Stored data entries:
□ □ □ □ □ □ □

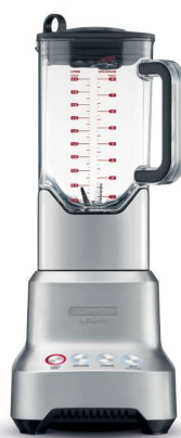
Liquidificador Gourmet Pro 69006/011 - 127V 69006/012 - 220V 16
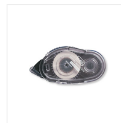
Snail Adhesive - 104332
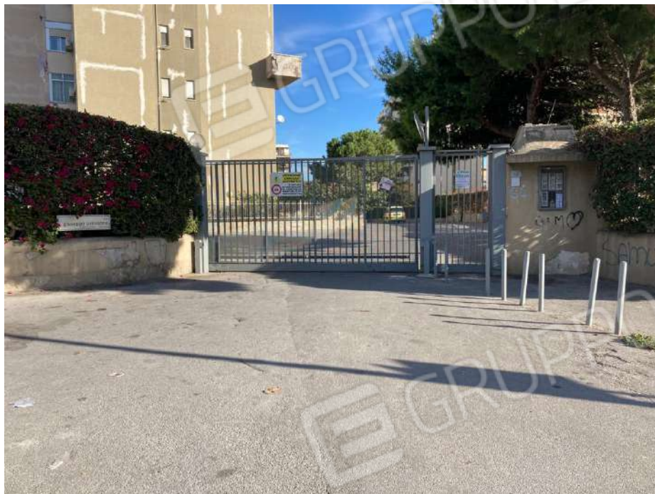
CANCELLO DI ACCESSO AL COMPLESSO CONDOMINIALE VIA G. CIRRINCIONE N.64
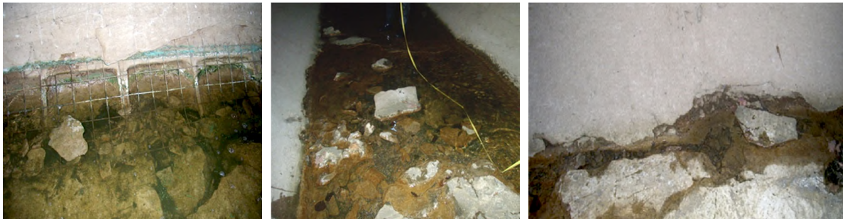
Рис. 3. Характерні дефекти гідротехнічного тунелю № 1

Для проведення обстежень було розбито вимірвальну мережу, що починалась з нульової позначки біля кордону вхідного порталу та орієнтована униз по ухилу тунелю з кроком розбивки 5м. Візуальні спостереження та віброакустичну діагностику об'єкта проводили із прив'язкою положення і розмірів аномалій до вимірвальної мережі. При візуальному обстеженні виявляли та проводили картування на поверхні розгортки тунелю знайдених аномалій та характерних дефектів (рис. 3).

□ □ □ □ □ □ □

*EXERCISE DIRECTIONS*
One exact copy of the data, no pictures: write it out line for line.

*ANSWER TO THIS PROBLEM*
Liquidificador Gourmet Pro 69006/011 - 127V 69006/012 - 220V 16
Snail Adhesive - 104332
CANCELLO DI ACCESSO AL COMPLESSO CONDOMINIALE VIA G. CIRRINCIONE N.64
Рис. 3. Характерні дефекти гідротехнічного тунелю № 1

Для проведення обстежень було розбито вимірвальну мережу, що починалась з нульової позначки біля кордону вхідного порталу та орієнтована униз по ухилу тунелю з кроком розбивки 5м. Візуальні спостереження та віброакустичну діагностику об'єкта проводили із прив'язкою положення і розмірів аномалій до вимірвальної мережі. При візуальному обстеженні виявляли та проводили картування на поверхні розгортки тунелю знайдених аномалій та характерних дефектів (рис. 3).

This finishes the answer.